_Task brief_
Every line from the top of the records through the one bearing "Elevate your look" is to be reproduced exactly, and pictures are to be left out.

_Supplied material_
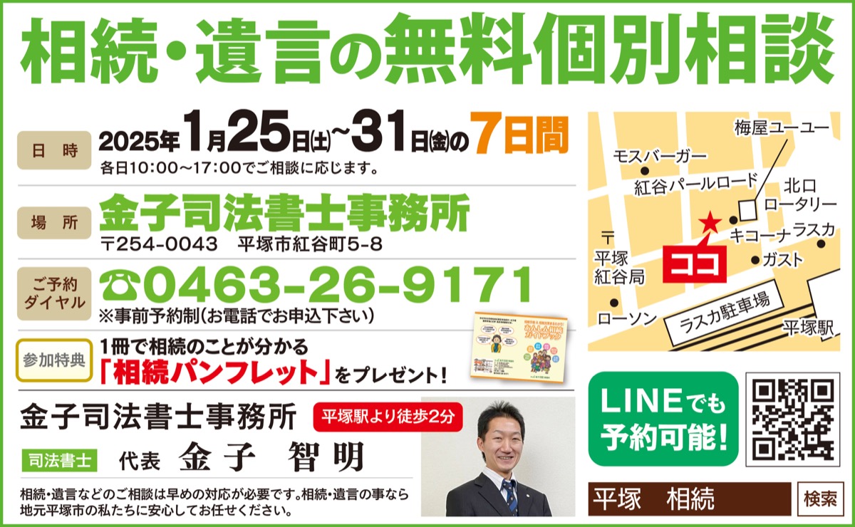 相続や遺産の相談をこれまで2100件超受けてきた金子司法書士行政書士事務所(平塚市)が1月25日(土)〜31日(金)、事務所で好評の無料相談会を実施する。
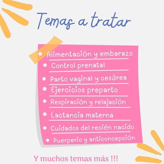 En esta oportunidad, se abordarán los siguientes temas: alimentación y embarazo, control prenatal, parto vaginal y cesárea, ejercicios de preparto, respiración y relajación, lactancia materna, cuidados del recién nacido y puerperio y anticoncepción.
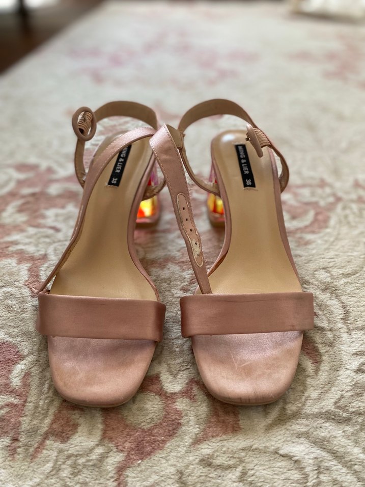 İpeksi kumaşlı, bej blok topuklu gece ayakkabısı, tokalı kayışlarla ve desen içermeyen çağdaş tasarımla. Romantik akşamlar için uygun.
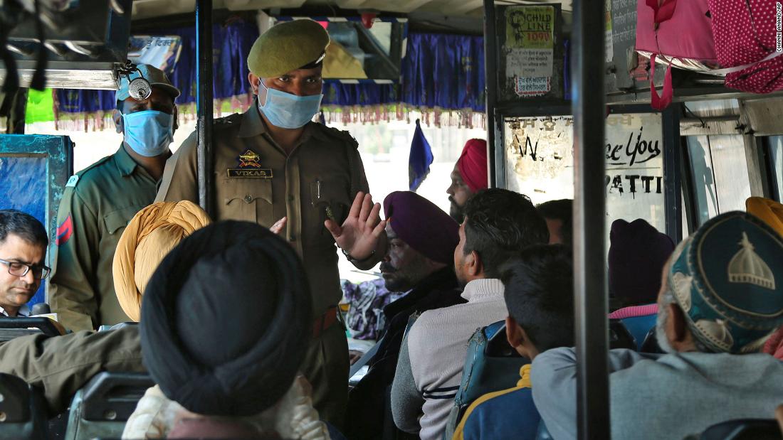 Indian police man wearing surgical masks and talk to passangers for aware for coronavirus at screening camp in lakhanpur 92 kms from Jammu, India, Wednesday, March.4, 2020. Rohit Kansal, Jammu and Kashmir Principal Secretary informed that no positive case has been reported and entire administrative machinery, including health machinery is in full alert. "21 suspected cases have been tested so far and no positive case has been reported so far across Jammu and Kashmir.(AP Photo/Channi Anand)
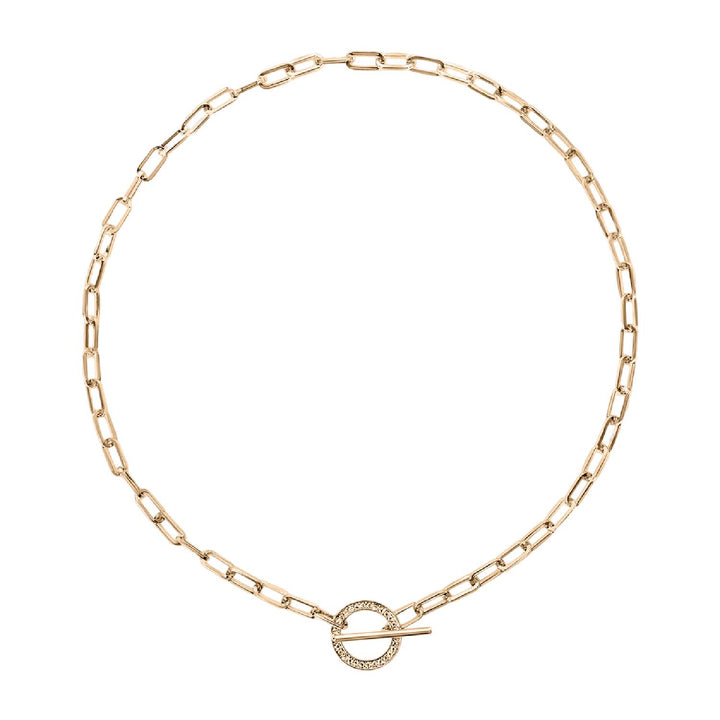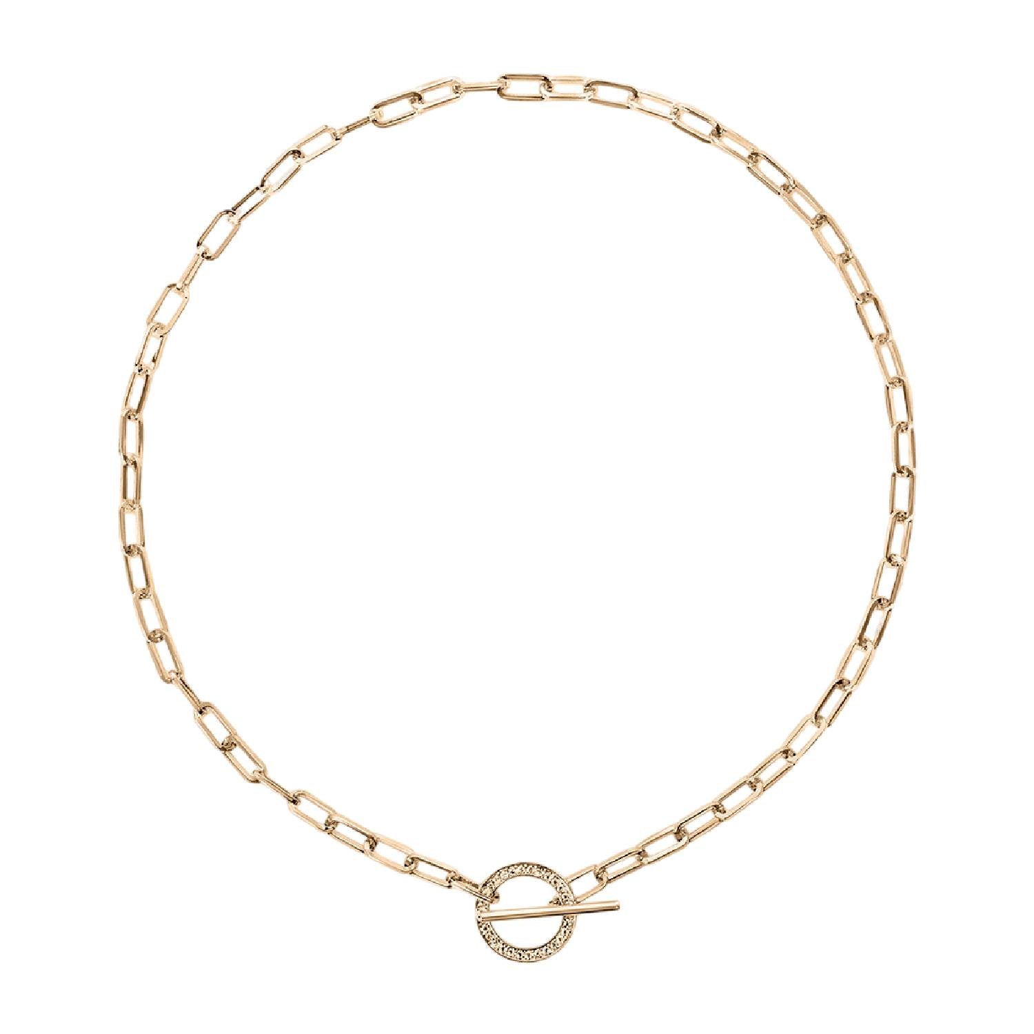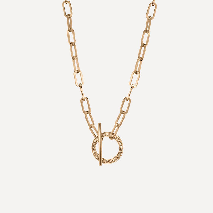 Elevate your look effortlessly with Margot Bardot's Chunky Chain Necklace in gold, a symbol of timeless elegance. Crafted from stainless steel and embellished with cubic zirconia, this necklace boasts rectangular links and a striking open circle pendant. Whether worn solo for a minimalist statement or layered with other favorites. Offers comfort and style, ideal for enhancing your everyday wardrobe with a touch of sophistication. Lovingly designed with your impeccable style in mind, it's a must-have accessory for any occasion.
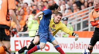 Μετά το 6-0 επί της Χιμπέρνιαν, η Μπαρτσελόνα συνέτριψε και τη Νταντί Γιουνάιτεντ, αυτή τη φορά με 5-1, στο δεύτερο φιλικό της στη Σκωτία. Οι γηπεδούχοι έκαναν το... λάθος να προηγηθούν στο 25’ με τον Μπάουμπεν, αλλά στο αμέσως επόμενο λεπτό ο Τιερί Ανρί με διπλή προσπάθεια ισοφάρισε. Στην επανάληψη ανέλαβε δράση ο Λιονέλ Μέσι, ο οποίος περνώντας ως αλλαγή πέτυχε χατ-τρικ σκοράροντας στο 51’, το 75’ και το 78’, ενώ ο Σαμουέλ Ετό στο 60’ είχε σκοράρει επίσης.
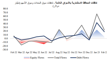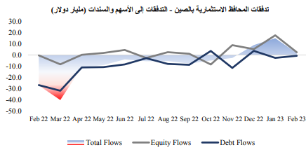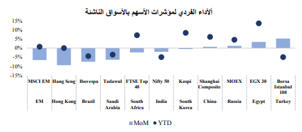 ونتيجة لذلك، تعرضت تدفقات الأسواق الناشئة إلى ضغطنتيجة لذلك، تعرضت تدفقات الأسواق الناشئة إلى ضغط، حيث وصل إجمالي التدفقات لأسهم الأسواق الناشئة إلى 22.9 مليار دولار، أي تراجعت بنسبة 65% بقياس شهري، وذلك في الوقت الذي وصلت فيه التدفقات لسندات الأسواق الناشئة إلى 17.9 مليار دولار، أي انخفضت بنسبة 58% بقياس شهري، حيث كان الانخفاض الحاد للتدفقات مدفوعًا بشكل رئيسي بتراجع التدفقات للأسهم الصينية.
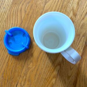 Durable plastic mug/cup with a lid. Lid has a closure feature.
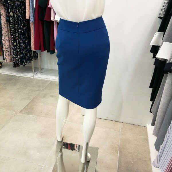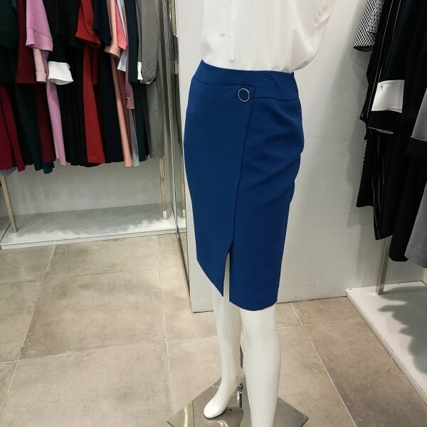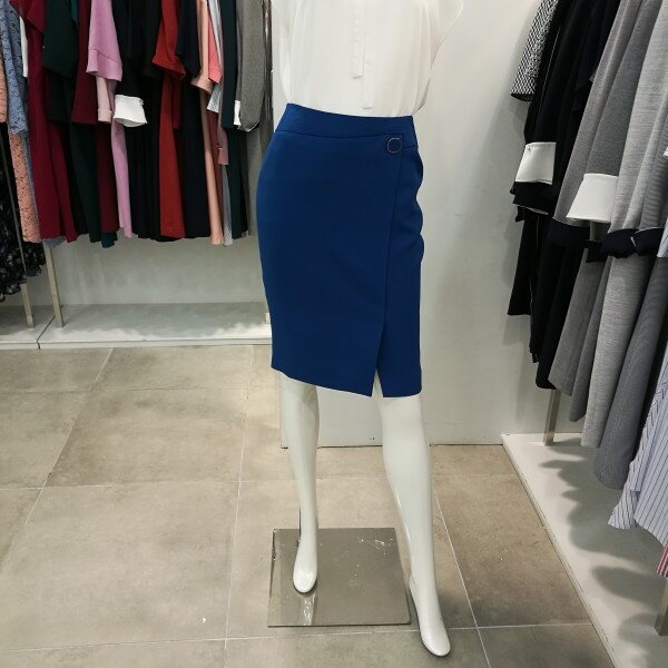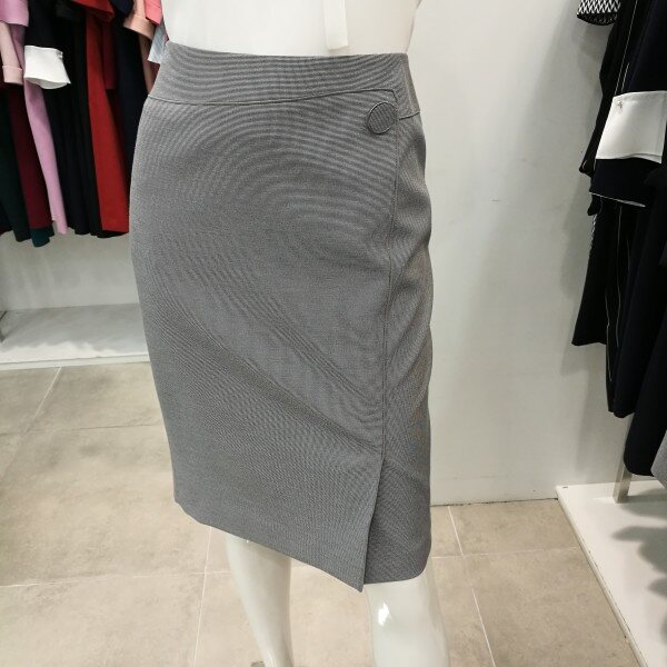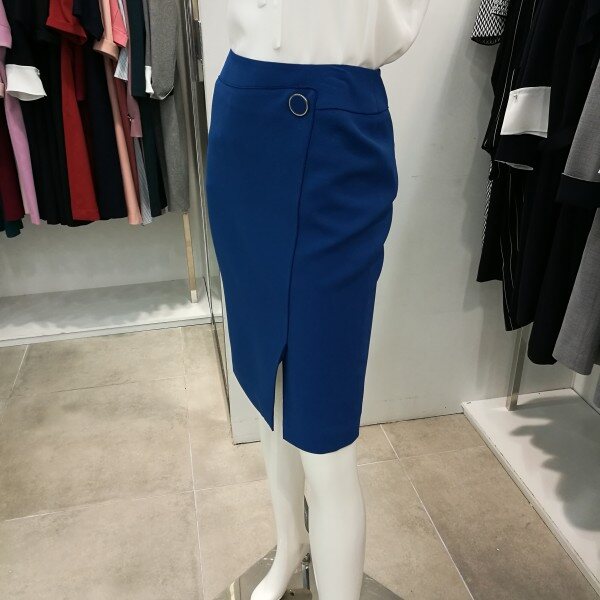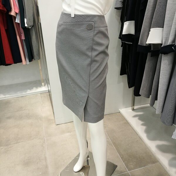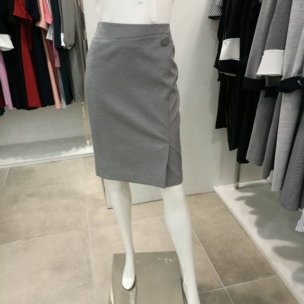 앞트임이며 파이핑처리 되있고 단추장식이 포인트로 아주 세련된H라인의 스커트임.
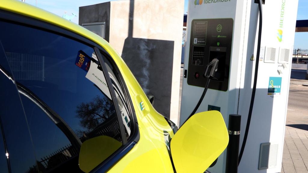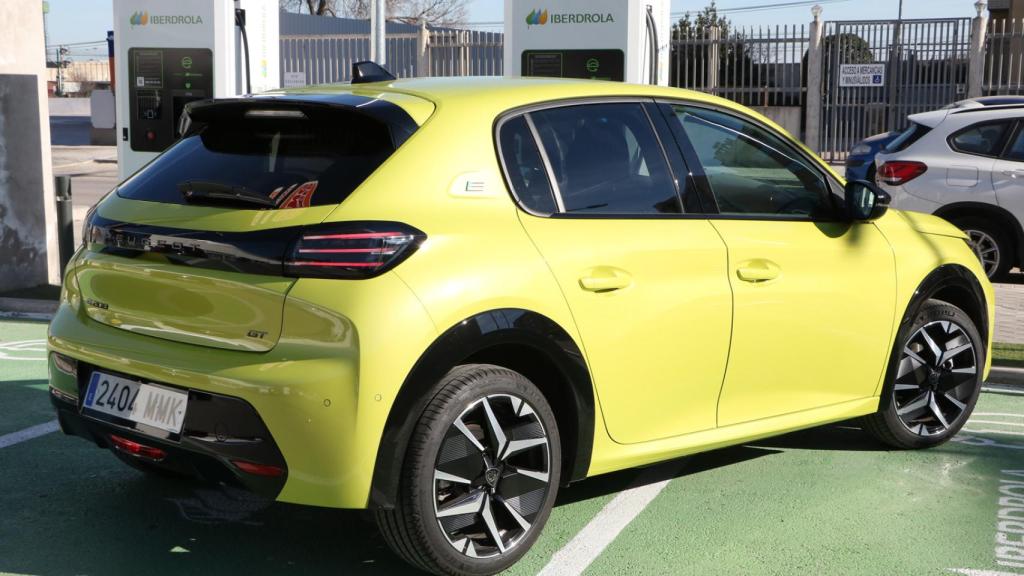 El nuevo Peugeot E-208 en un punto de recarga pública de Iberdrola.
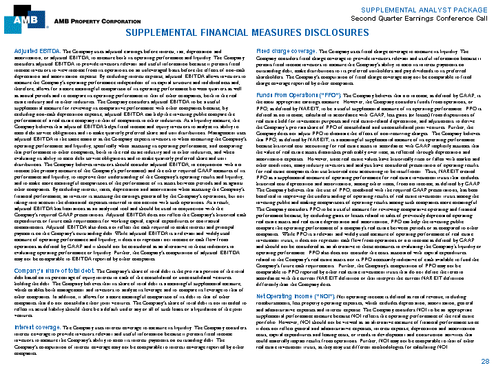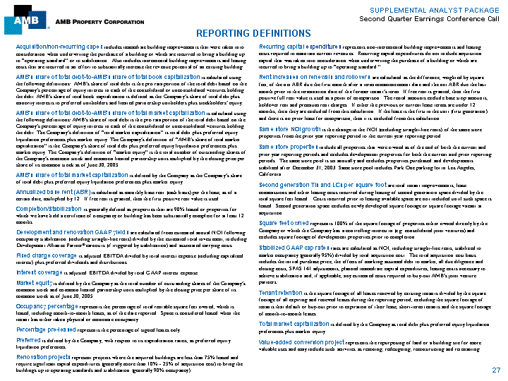 | SUPPLEMENTAL ANALYST PACKAGE Second Quarter Earnings Conference Call REPORTING DEFINITIONS Acquisition/non-recurring capex includes immediate building improvements that were taken into Recurring capital expenditures represents non-incremental building improvements and leasing consideration when underwriting the purchase of a building or which are incurred to bring a building up costs required to maintain current revenues. Recurring capital expenditures do not include acquisition to operating standard or to stabilization. Also includes incremental building improvements and leasing capital that was taken into consideration when underwriting the purchase of a building or which are costs that are incurred in an effort to substantially increase the revenue potential of an existing building. incurred to bring a building up to operating standard. AMB's share of total debt-to-AMB's share of total book capitalization is calculated using Rent increases on renewals and rollovers are calculated as the difference, weighted by square the following definitions: AMB's share of total debt is the pro rata portion of the total debt based on the feet, of the net ABR due the first month after a term commencement date and the net ABR due the last Companys percentage of equity interest in each of the consolidated or unconsolidated ventures holding month prior to the termination date of the former tenant's term. If free rent is granted, then the first the debt. AMB's share of total book capitalization is defined as the Company's share of total debt plus positive full rent value is used as a point of comparison. The rental amounts exclude base stop amounts, minority interests to preferred unitholders and limited partnership unitholders plus stockholders' equity. holdover rent and premium rent charges. If either the previous or current lease terms are under 12 AMB's share of total debt-to-AMB's share of total market capitalization is calculated using months, then they are excluded from this calculation. If the lease is the first in the unit (first generation) the following definitions: AMB's share of total debt is the pro rata portion of the total debt based on the and there is no prior lease for comparison, then it is excluded from this calculation. Company's percentage of equity interest in each of the consolidated or unconsolidated ventures holding Same store NOI growth is the change in the NOI (excluding straight-line rents) of the same store the debt. The Companys definition of total market capitalization is total debt plus preferred equity properties from the prior year reporting period to the current year reporting period. liquidation preferences plus market equity. The Company's definition of AMB's share of total market capitalization is the Company's share of total debt plus preferred equity liquidation preferences plus Same store properties include all properties that were owned as of the end of both the currentand market equity. The Company's definition of market equity is the total number of outstanding shares of prior year reporting periods and excludes development properties for both the current and prior reporting the Company's common stock and common limited partnership units multiplied by the closing price per periods. The same store pool is set annually and excludes properties purchased and developments share of its common stock as of June 30, 2005. stabilized after December 31, 2003. Same store pool includes Park One parking lot in Los Angeles, AMB's share of total market capitalization is defined by the Company as the Company's share California. of total debt plus preferred equity liquidation preferences plus market equity. Second generation TIs and LCs per square foot are total tenant improvements, lease Annualized base rent (ABR) is calculated as monthly base rent (cash basis) per the lease, as of a commissions and other leasing costs incurred during leasing of second generation space divided by the certain date, multiplied by 12. If free rent is granted, then the first positive rent value is used. total square feet leased. Costs incurred prior to leasing available space are not included until such space is leased. Second generation space excludes newly developed squarefootage or square footage vacant at Completion/Stabilization is generally defined as properties that are 90% leased or properties for acquisition. which we have held a certificate of occupancy or building has been substantially complete for at least 12 months. Square feet owned represents 100% of the square footage of properties either owned directly by the Development and renovation GAAP yields Company or which the Company has a controlling interest in (e.g. consolidated joint ventures) and are calculated from estimated annual NOI following occupancy stabilization (including straight-line rents) divided by the estimated total investment, including excludes square footage of development properties prior to completion. Development Alliance Partner-earnouts (if triggered by stabilization) and associated carrying costs. Stabilized GAAP cap rates rates are calculated as NOI, including straight-line rents, stabilized to Fixed charge coverage is adjusted EBITDA divided by total interest expense (including capitalized market occupancy (generally 95%) divided by total acquisition cost. The total acquisition cost basis interest) plus preferred dividends and distributions. includes the initial purchase price, the effects of marking assumed debt to market, all due diligence and closing costs, SFAS 141 adjustments, planned immediate capital expenditures, leasing costs necessary to Interest coverage is adjusted EBITDA divided by total GAAP interest expense. achieve stabilization and, if applicable, any estimated costs required to buy-out AMB's joint venture Market equity is defined by the Company as the total number of outstanding shares of the Company's partners. common stock and common limited partnership units multiplied by the closin

_Result of this exercise_
 相続や遺産の相談をこれまで2100件超受けてきた金子司法書士行政書士事務所(平塚市)が1月25日(土)〜31日(金)、事務所で好評の無料相談会を実施する。
 En esta oportunidad, se abordarán los siguientes temas: alimentación y embarazo, control prenatal, parto vaginal y cesárea, ejercicios de preparto, respiración y relajación, lactancia materna, cuidados del recién nacido y puerperio y anticoncepción.
 İpeksi kumaşlı, bej blok topuklu gece ayakkabısı, tokalı kayışlarla ve desen içermeyen çağdaş tasarımla. Romantik akşamlar için uygun.
 Indian police man wearing surgical masks and talk to passangers for aware for coronavirus at screening camp in lakhanpur 92 kms from Jammu, India, Wednesday, March.4, 2020. Rohit Kansal, Jammu and Kashmir Principal Secretary informed that no positive case has been reported and entire administrative machinery, including health machinery is in full alert. "21 suspected cases have been tested so far and no positive case has been reported so far across Jammu and Kashmir.(AP Photo/Channi Anand)
 Elevate your look effortlessly with Margot Bardot's Chunky Chain Necklace in gold, a symbol of timeless elegance. Crafted from stainless steel and embellished with cubic zirconia, this necklace boasts rectangular links and a striking open circle pendant. Whether worn solo for a minimalist statement or layered with other favorites. Offers comfort and style, ideal for enhancing your everyday wardrobe with a touch of sophistication. Lovingly designed with your impeccable style in mind, it's a must-have accessory for any occasion.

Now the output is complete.